**Work order:** In the records below, find the line holding "Данные аксессуары выполняют"; copy it and every line after it to the end, omitting all images.
/---
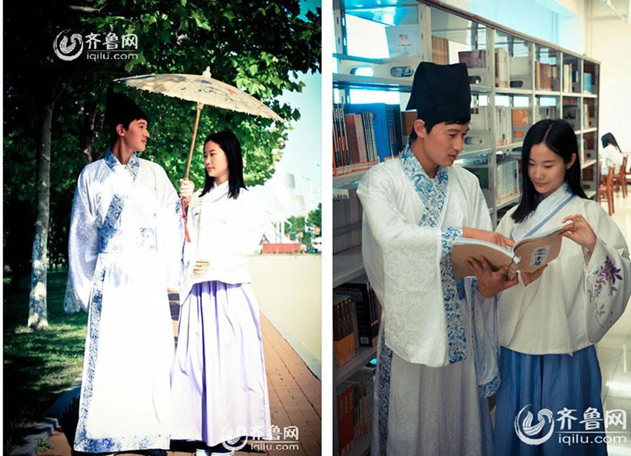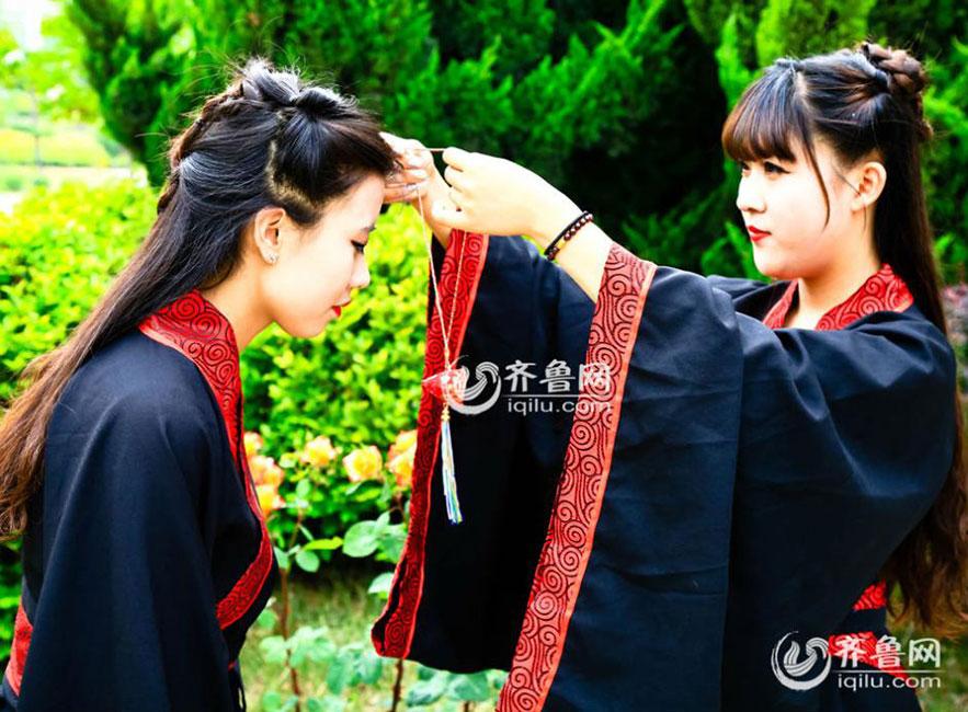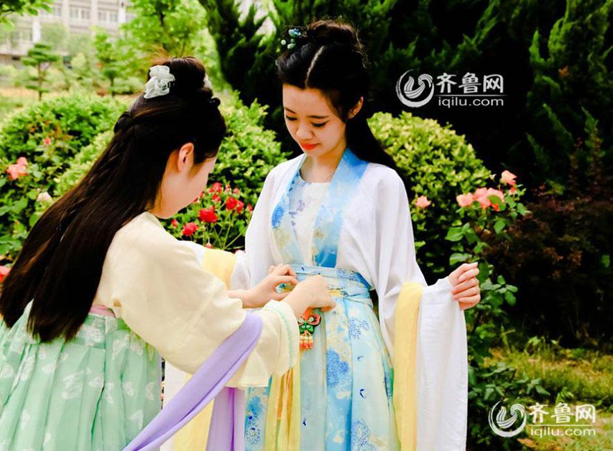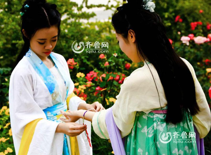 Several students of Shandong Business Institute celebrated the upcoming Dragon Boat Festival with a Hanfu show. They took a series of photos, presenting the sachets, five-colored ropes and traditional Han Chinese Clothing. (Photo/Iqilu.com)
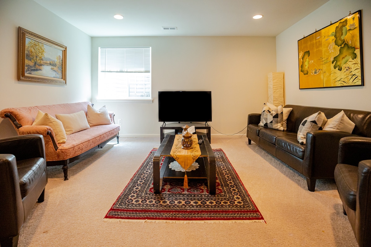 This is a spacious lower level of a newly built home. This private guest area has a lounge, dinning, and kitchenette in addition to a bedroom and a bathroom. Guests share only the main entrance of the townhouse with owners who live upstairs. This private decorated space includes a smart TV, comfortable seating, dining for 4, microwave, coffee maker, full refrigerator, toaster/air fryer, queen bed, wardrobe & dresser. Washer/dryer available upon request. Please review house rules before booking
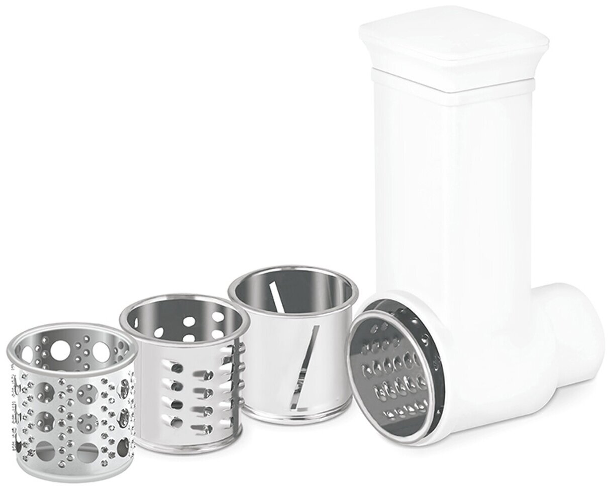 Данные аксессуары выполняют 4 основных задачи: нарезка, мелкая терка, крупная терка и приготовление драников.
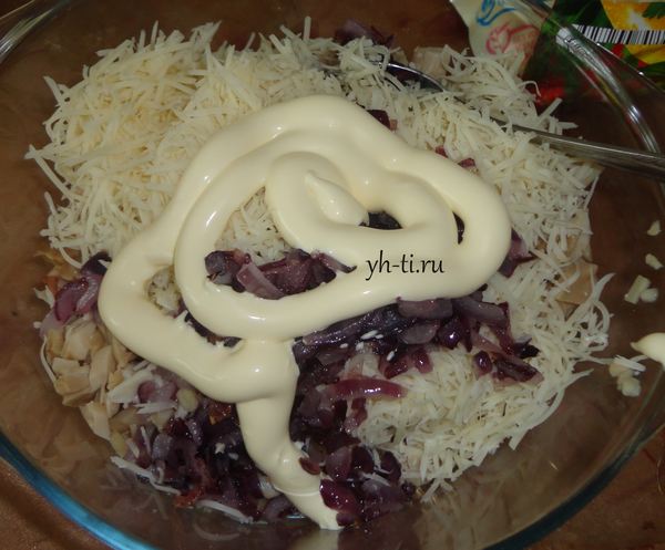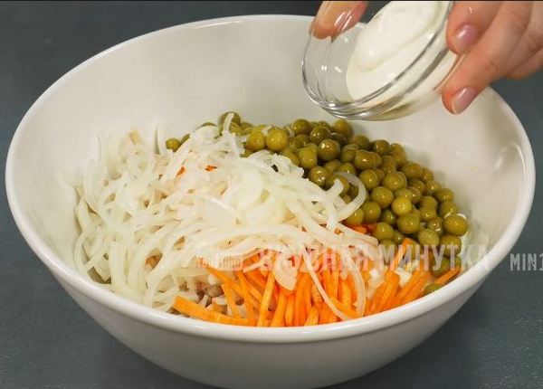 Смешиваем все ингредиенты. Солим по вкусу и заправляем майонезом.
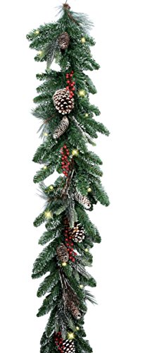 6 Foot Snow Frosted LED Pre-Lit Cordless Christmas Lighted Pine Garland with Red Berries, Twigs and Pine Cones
\---
**Result of the exercise:**
 Данные аксессуары выполняют 4 основных задачи: нарезка, мелкая терка, крупная терка и приготовление драников.
 Смешиваем все ингредиенты. Солим по вкусу и заправляем майонезом.
 6 Foot Snow Frosted LED Pre-Lit Cordless Christmas Lighted Pine Garland with Red Berries, Twigs and Pine Cones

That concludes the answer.